Exercise description =>
Search the data for "three". Each line containing it is to be copied.
------ Task material
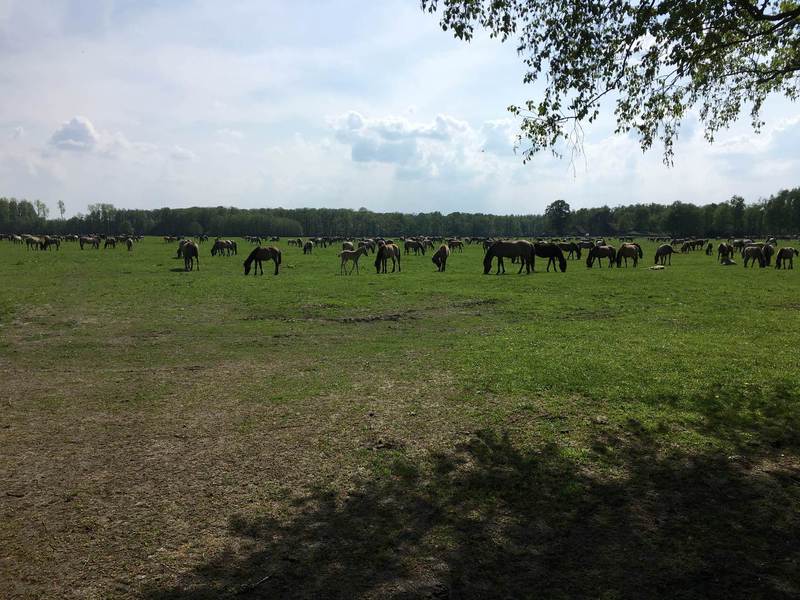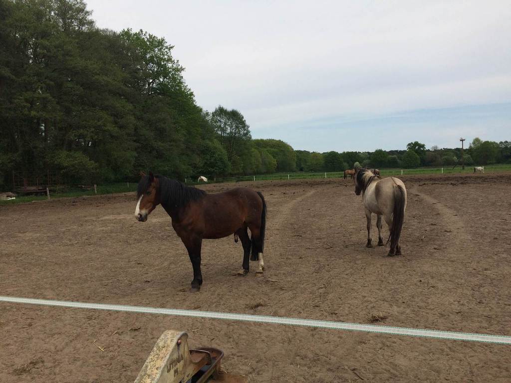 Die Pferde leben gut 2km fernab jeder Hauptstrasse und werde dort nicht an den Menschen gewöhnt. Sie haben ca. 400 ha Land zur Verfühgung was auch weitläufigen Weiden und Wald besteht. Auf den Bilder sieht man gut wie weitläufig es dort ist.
------------
------ Task material
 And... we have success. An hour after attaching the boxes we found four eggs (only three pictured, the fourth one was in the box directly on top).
------------
------ Task material
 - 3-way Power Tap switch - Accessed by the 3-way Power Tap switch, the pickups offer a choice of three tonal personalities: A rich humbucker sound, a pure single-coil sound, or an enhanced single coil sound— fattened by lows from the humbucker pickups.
------------
Output for this task =>
 And... we have success. An hour after attaching the boxes we found four eggs (only three pictured, the fourth one was in the box directly on top).
 - 3-way Power Tap switch - Accessed by the 3-way Power Tap switch, the pickups offer a choice of three tonal personalities: A rich humbucker sound, a pure single-coil sound, or an enhanced single coil sound— fattened by lows from the humbucker pickups.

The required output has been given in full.